To enable the alert sounds, simply create a new text file e.g. echo "y" > predict/soundalert. You can also specify a time range to allow the sounds to play, e.g. echo "7,21" > predict/soundalert to only allow sounds between 7:00 and 21:59 local time.

To disable the alert sounds, simply delete the predict/soundalert file.

Writing Your Own Prediction Methods

You may wish to write your own prediction methods. You can make a copy of the method_directmdl.php script and then change the copy as you see fit. If you create a method that makes predictions with at least 80% accuracy, we'd be delighted to accept your pull request.

Configurable variables include:

  • $metrics_to_process An array of key-value pairs identifying a dock metric and its new key in the output JSON. Valid keys can be found in the table below; the value becomes the metric's key in the JSON.

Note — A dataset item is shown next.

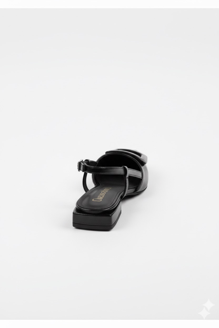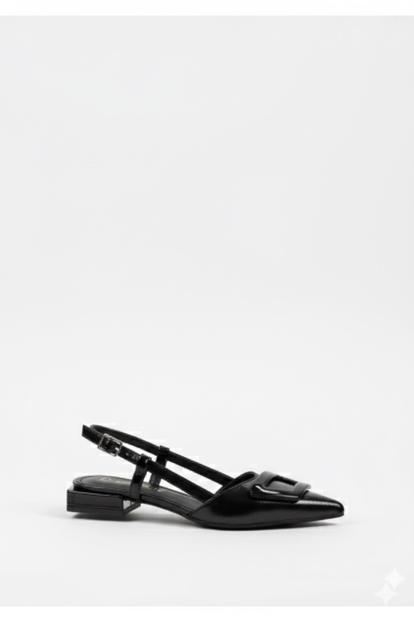 Detaylar: Sivri burunlu, önünde parlak tokalı aksesuar detayı bulunan, bilekten ayarlanabilir tokalı ve kalın, kısa topuklu şık tasarım.

Available parameters for $metrics_to_process include:

  • BENERG Total binding energy between ligand and protein;
  • BENERG.rgn Total binding energy between ligand and specific regions of the protein, e.g. TMR6;
  • BEST Total ligand-protein binding energy of the most favorable pose.
  • vdWRPL Total van der Waals repulsion (i.e. where atoms are < 4Å apart) ligand to protein;
  • vdWRPL.rgn Total vdW repulsion between ligand and regions of protein;
  • POLSAT Ligand's sum polar satisfaction, a measure of polar-polar and nonpolar-nonpolar proximity;
  • PCLASH Clashes between residues of the protein, minus clashes in the original PDB model;
  • ACVTH.TMR1 thru ACVTH.TMR7 Angles of helix rotations performed for a "soft dock", in which the helices are allowed to move.
  • POSES Total number of poses found.
  • WCLASH Smallest per-pose maximum interatomic clash energy.
  • CALOC.rgn Average relative motion of alpha carbon atoms within each region as a result of a "soft dock".

For keys ending with .rgn, the rgn will be replaced with the actual region name. For example, if the method PHP specifies BENERG.rgn => energy.rgn, then the JSON will contain metrics labeled energy.TMR3, energy.TMR6, etc.